The history of the site is almost unknown, probably because it was regarded as part of Braunston village and was thus never listed separately in the national taxation records. The existence of two other settlements, Little Braunston, now part of the existing village, and the now deserted Braunston Cleves (3), further complicates the picture. Braunstonbury is thus presumably included within one of the two entries for Braunston in Domesday Book and is perhaps part of the three and a half hide manor of Walter de Aincurt with a recorded population of 17 (VCH Northants., I (1902), 308, 340). Soon after the conquest this manor appears to have passed to William Trusbott and was then divided between his three surviving daughters. One daughter, Hilary de Bulliers, gave her part to the Abbey of Lilleshall in Shropshire and this appears to have included at least part of Braunstonbury (Whellan, Dir., 386; J. Bridges, Hist. of Northants., I (1791), 26). The manor held by Lilleshall Abbey was still tenanted in 1421 when the demesne was leased. At the Dissolution this land was sold to the Earl of Rutland who appears to have had other property there already. Other land in the village or in its fields was held by the Priory of Newstead, Stamford (LPFD 15, no. 612, f 15). By the early 18th century Bridges (Hist. of Northants., I (1791), 26) wrote that 'in Bery-field ... is a place moated around with appearance of a ruined building. The foundations of walls have frequently been discovered and near it is a field, bearing the name of the Chapel field ...'. An Estate Map of 1785 (NRO) shows the area devoid of buildings and called Church Field, though on the Tithe Map of 1842 (NRO) it is described as Chapel Field. The 1785 map also shows the undoubted medieval boundaries of the land of Braunstonbury (Fig. 27; M. W. Beresford and J. K. S. St Joseph, Medieval England: an Aerial Survey (1958), 19–20; K. J. Allison et al., The Deserted Villages of Northants. (1966), 36).

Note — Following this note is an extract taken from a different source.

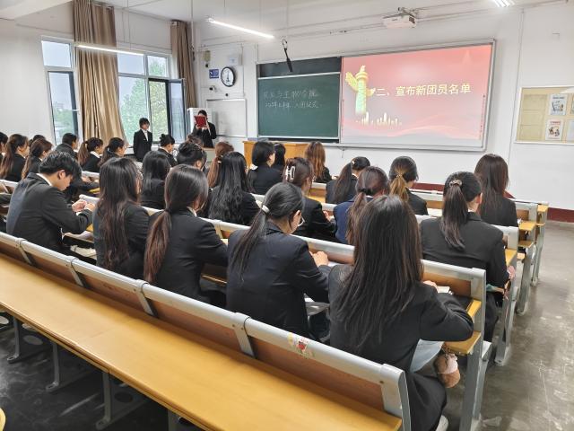 仪式在庄严的国歌声中拉开帷幕,全体人员庄严肃立,齐唱国歌,激昂的旋律点燃了在场每一位青年的爱国热情。随后,主持人宣读了新一批入团成员名单,37名同学光荣加入中国共产主义青年团。这一时刻,承载着他们对共青团组织的向往与追求,也标志着他们将肩负起新时代青年的责任与使命。

The remains lie within an almost square area bounded on the N. by a shallow valley occupied by the manorial fishpond (2), on the W. by a bank 1 m.–2 m. high, on the S. by a low bank and scarp and on the E. by the remains of a bank, partly over-ploughed by the adjacent ridge-and-furrow. In the N.W. corner a hollow-way which presumably once led from Braunston village (see (4) below) enters the site and widens to form a roughly triangular 'green' ('a' on plan). From the S. end of this green the hollow-way continues along the E. edge of the site and, though partly blocked by a later bank, widens again to form another 'green' ('b' on plan). It then continues to the S.E. corner of the site where it has been destroyed by a railway embankment. Beyond the railway to the S. its continuation is visible as a broad space between the adjacent furlongs of ridge-and-furrow.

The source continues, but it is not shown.